=== Section Start ===

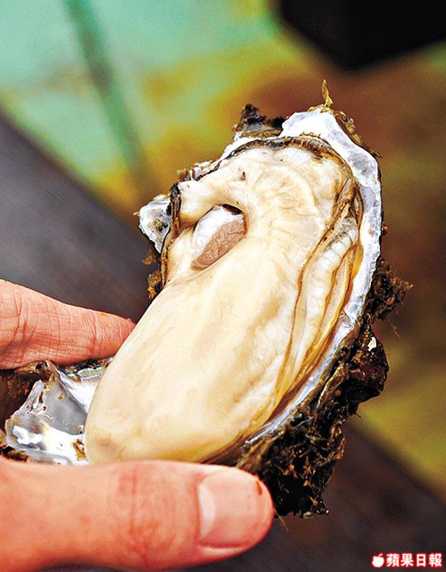 快艇在風雨之中終於飄到養蠔場,迎接我們的不是肥美鮮蠔和檸檬Tabasco,而是那一串串在海上晾起的貝殼,比較像薯片。貝殼上面原來是BB蠔,小小一片約黏了300隻,當中只有十分之一可以茁壯成半隻手掌大的生蠔,成長期約兩年半。看着蠔叔在海中即席撈起一大串烏卒卒生蠔,好不容易剝開才露出裏面肥美的蠔肉,我不禁慨嘆平日在Buffet枱上輕易掃低的幾碟生蠔,得來如此不易。
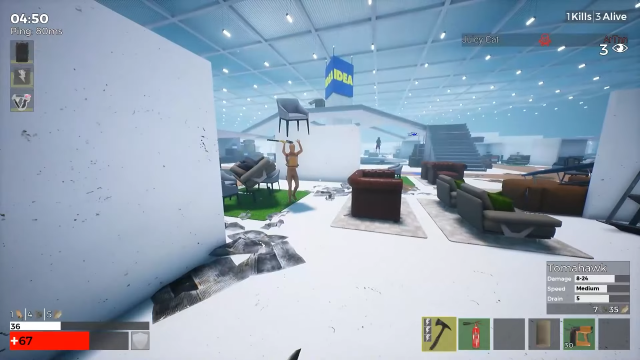 可能你小時候那古靈精怪的小腦袋瓜中,曾經幻想過在一個空曠著馬路上,持著衝鋒槍上陣殺敵的模樣,或者是在某一商場裡直接上演「大逃殺」。而最近在Steam上,上架了一款免費的大逃殺遊戲《Retail Royale》,不僅可以讓你持槍上陣,玩家還能在IKEA內,四處拿著任何武器大殺特殺。
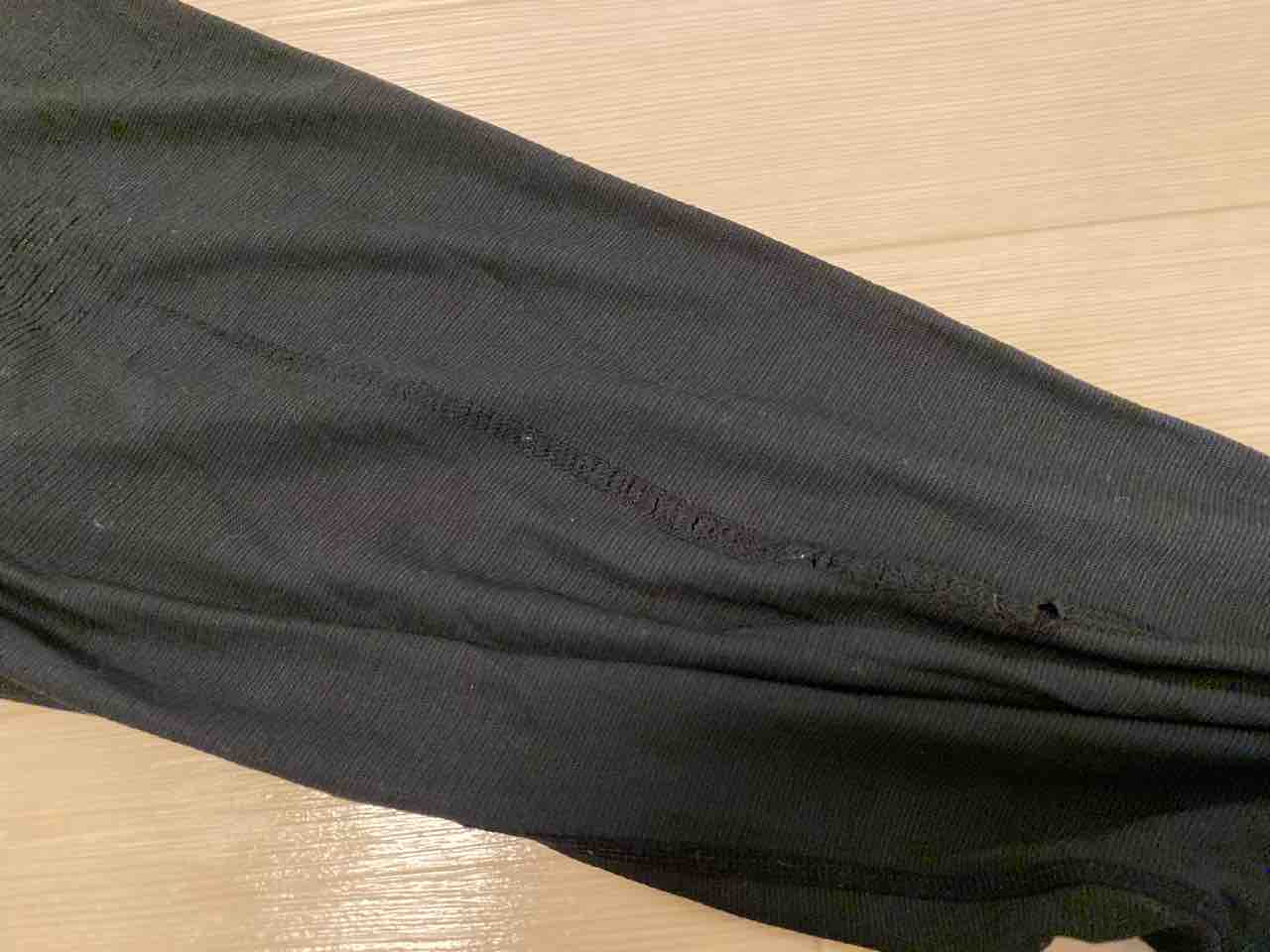 この生地の繊細さというか、脆弱さがなければ最高なのだが…。とは言え、上半身であれば藪漕ぎでもしない限りアンダーウェアにダメージが来ることはそうそう無いし、ウェア同士の摩擦でほつれるとは言え、着れなくなるほどではない。多少破れていてもどうせ中に着ているので人目には触れないのだ。

=== Section End ===

- **What is required**
Set down the material exactly as given, but print none of the pictures.

- **Answer for the task**
 快艇在風雨之中終於飄到養蠔場,迎接我們的不是肥美鮮蠔和檸檬Tabasco,而是那一串串在海上晾起的貝殼,比較像薯片。貝殼上面原來是BB蠔,小小一片約黏了300隻,當中只有十分之一可以茁壯成半隻手掌大的生蠔,成長期約兩年半。看着蠔叔在海中即席撈起一大串烏卒卒生蠔,好不容易剝開才露出裏面肥美的蠔肉,我不禁慨嘆平日在Buffet枱上輕易掃低的幾碟生蠔,得來如此不易。
 可能你小時候那古靈精怪的小腦袋瓜中,曾經幻想過在一個空曠著馬路上,持著衝鋒槍上陣殺敵的模樣,或者是在某一商場裡直接上演「大逃殺」。而最近在Steam上,上架了一款免費的大逃殺遊戲《Retail Royale》,不僅可以讓你持槍上陣,玩家還能在IKEA內,四處拿著任何武器大殺特殺。
 この生地の繊細さというか、脆弱さがなければ最高なのだが…。とは言え、上半身であれば藪漕ぎでもしない限りアンダーウェアにダメージが来ることはそうそう無いし、ウェア同士の摩擦でほつれるとは言え、着れなくなるほどではない。多少破れていてもどうせ中に着ているので人目には触れないのだ。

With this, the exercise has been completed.